Copy the data below exactly, omitting any picture it contains.

(Information supplied):
------------
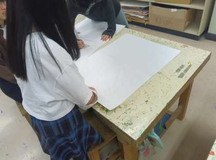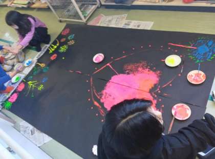 6年生の図工ではブラックライトアートに取り組んでいます。テーマは、花火、祭りです。まだ計画段階のグループがありますが、テーマに沿ってイメージはどんどん浮かんでいるようです。グループで話し合いながらそれぞれが一生懸命取り組んでいます。完成とブラックライトの点灯で映える作品の鑑賞が楽しみです。
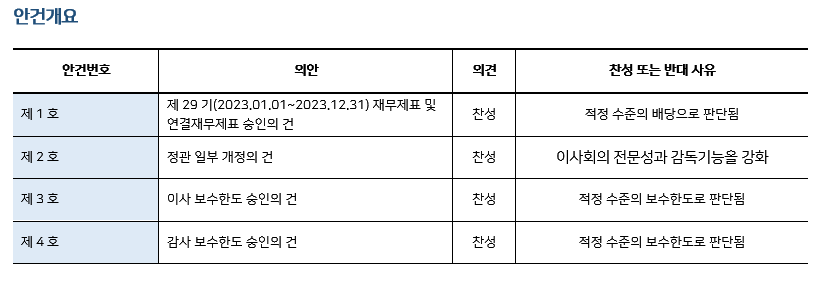 * 본 의안분석은 아주기업경영연구소의 의결권 행사 가이드라인에 따라 작성된 것이며, 세부 내용은 고객사에게만 제공됩니다.
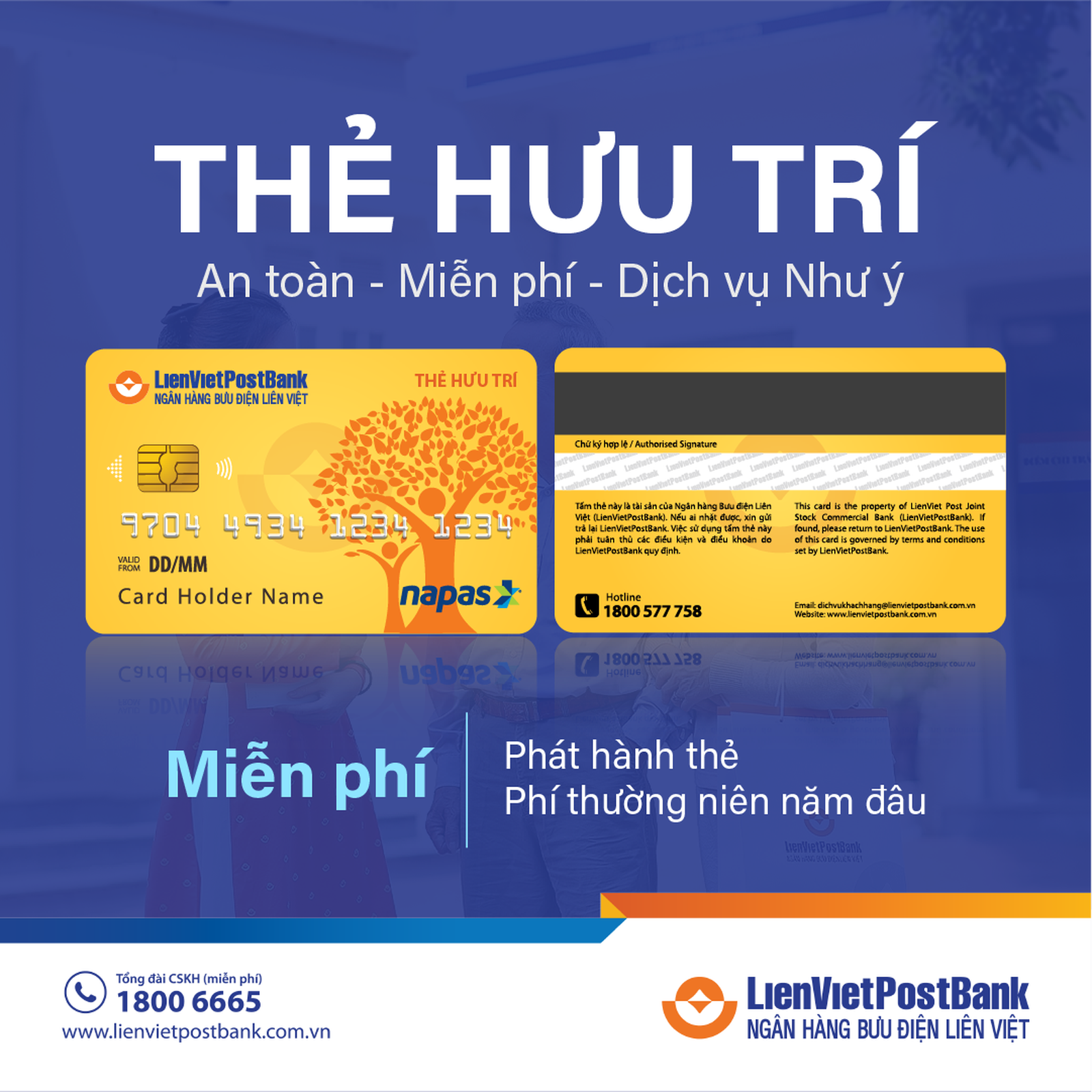 Thẻ hưu trí được Ngân hàng Bưu điện Liên Việt cung cấp và phát hành cho các khách hàng tại 556 Chi nhánh/phòng giao dịch Ngân hàng, gần 1.000 Phòng giao dịch Bưu điện (PGDBĐ) hoặc tiếp nhận hồ sơ đăng ký mở thẻ tại các bàn chi trả lương hưu trên khắp các địa bàn cả nước với thủ tục đơn giản cùng nhiều ưu đãi hiện đang áp dụng như miễn phí phát hành thẻ; miễn phí thường niên năm đầu cho chủ thẻ; Miễn phí rút tiền tại tất cả các ATM trên toàn quốc; miễn phí rút tiền tại các POS đặt tại PGDBĐ trên toàn quốc….
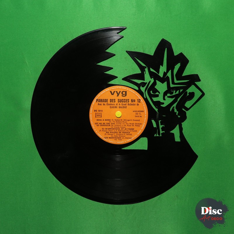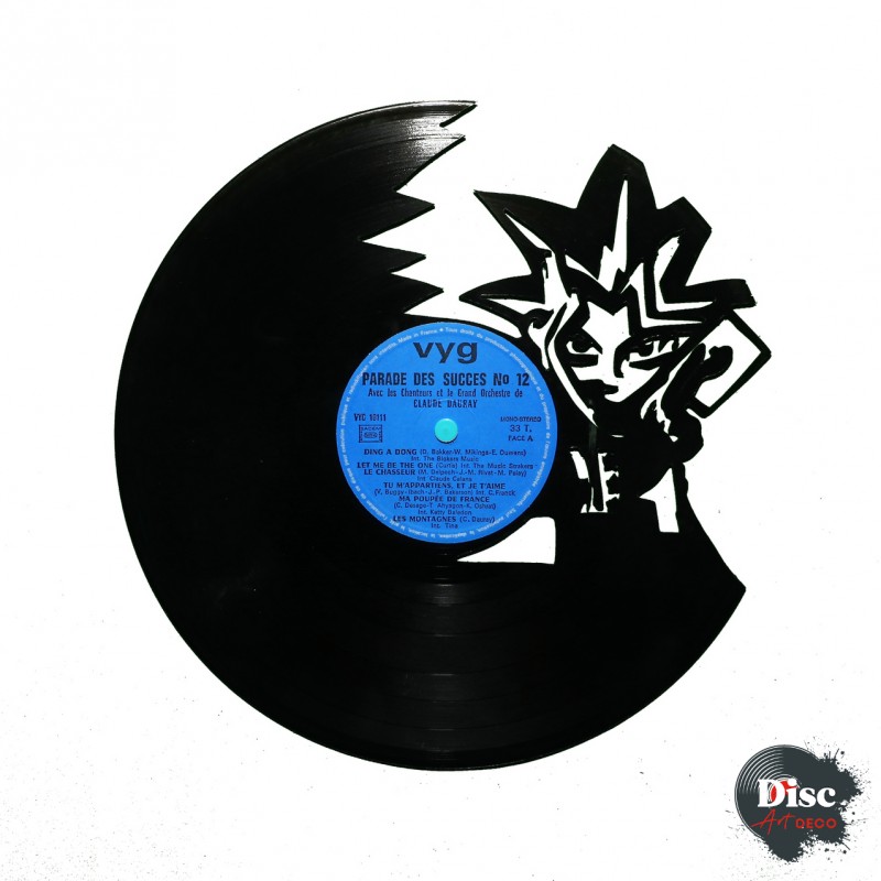 Disque vinyle découpé, représentant Yu Gi Yo.
------------
(Worked solution):
 6年生の図工ではブラックライトアートに取り組んでいます。テーマは、花火、祭りです。まだ計画段階のグループがありますが、テーマに沿ってイメージはどんどん浮かんでいるようです。グループで話し合いながらそれぞれが一生懸命取り組んでいます。完成とブラックライトの点灯で映える作品の鑑賞が楽しみです。
 * 본 의안분석은 아주기업경영연구소의 의결권 행사 가이드라인에 따라 작성된 것이며, 세부 내용은 고객사에게만 제공됩니다.
 Thẻ hưu trí được Ngân hàng Bưu điện Liên Việt cung cấp và phát hành cho các khách hàng tại 556 Chi nhánh/phòng giao dịch Ngân hàng, gần 1.000 Phòng giao dịch Bưu điện (PGDBĐ) hoặc tiếp nhận hồ sơ đăng ký mở thẻ tại các bàn chi trả lương hưu trên khắp các địa bàn cả nước với thủ tục đơn giản cùng nhiều ưu đãi hiện đang áp dụng như miễn phí phát hành thẻ; miễn phí thường niên năm đầu cho chủ thẻ; Miễn phí rút tiền tại tất cả các ATM trên toàn quốc; miễn phí rút tiền tại các POS đặt tại PGDBĐ trên toàn quốc….
 Disque vinyle découpé, représentant Yu Gi Yo.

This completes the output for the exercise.